0 × 01. Clustering Algorithm
Clustering Analysis is a statistical analysis technique designed to identify important groups from a given dataset. We can use existing malware groups to discover similar new malware or samples with the same characteristics as this group. To group A data set, we need an expression to describe the similarity between each element in the dataset.
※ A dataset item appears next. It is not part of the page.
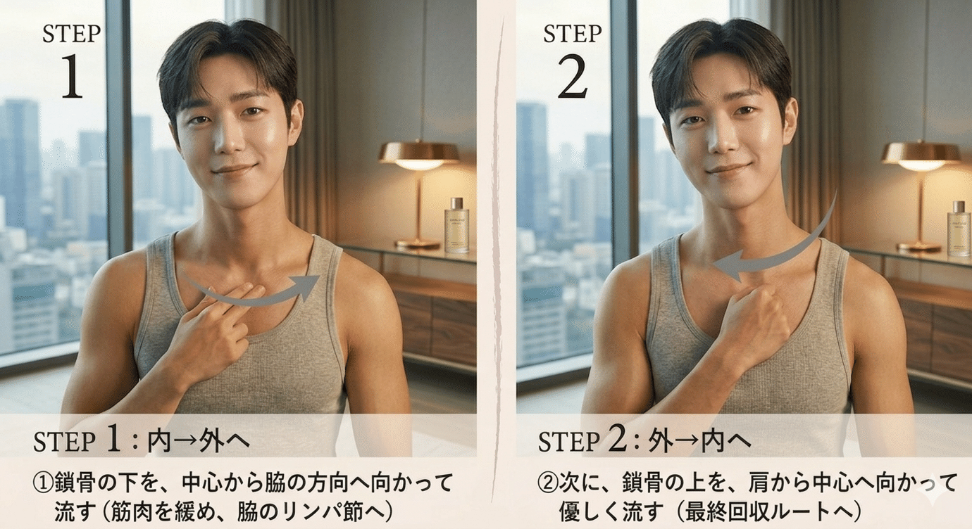 ②【外→内へ】 次に、鎖骨の上を、 肩から中心へ向かって優しく流す(最終回収ルートへ)。

Each element is described by a feature set. The attributes of this feature set are very important to this element in some aspects. When designing a feature set, there are two key points to consider:
First, you must understand how to select attributes. As mentioned above, many people think that clustering analysis should allow the analysis program to extract millions of attributes for calculation, but ignore one point: the more attributes are considered, the more time the calculation takes, and some attributes cannot be used to accurately distinguish malware. For example, using the unique entropy attribute of the PE file as a feature set will lead to incorrect clustering. However, in any case, we need to find enough attributes to divide some malicious software with special behaviors into several different malware groups. Therefore, the attributes we want to extract are meaningful attributes for malware analysis, which is also the largest component of the Deepvid malware analyzer.
Second, find the most appropriate measure to verify and compare the attributes of malware. Each malware can be described as a numerical attribute (such as information entropy) or an abstract attribute. In mathematics, similarity measurement is used to describe the similarity between two objects. Euclidean distance is a widely known method for comparing similarity between numeric attributes. How can we measure the similarity of abstract data? Deepviz provides two malware and related IPs and URLs. How can we compare these two sets? How to aggregate them?
For example, the following figure shows the MD5 aggregation of all software that has visited the website complifies.ru:
Our clustering algorithm divides samples into four different groups, which is the last step in the aggregation process.
To get a similar set, we need to know the similarities and differences between each element and other elements. These values can be expressed through the distance matrix.
Based on this, what we need is:
1. Select a feature set that consists of one or more attributes. You can use this set to classify the elements in the original dataset. 2. Select a distance calculation algorithm to calculate the distance between each element. Then, we need to do the following steps: 3. compare the distance between an element and the element itself, and the distance between the element and other elements in the dataset. A clustering algorithm is used to aggregate similar elements. In our example, we aggregate malware groups.
Similarity Between Elements
Euclidean distance is widely used to calculate the distance between digital elements. Here, I will introduce another method for calculating distance-Jaccard distance, as a measure of abstract values.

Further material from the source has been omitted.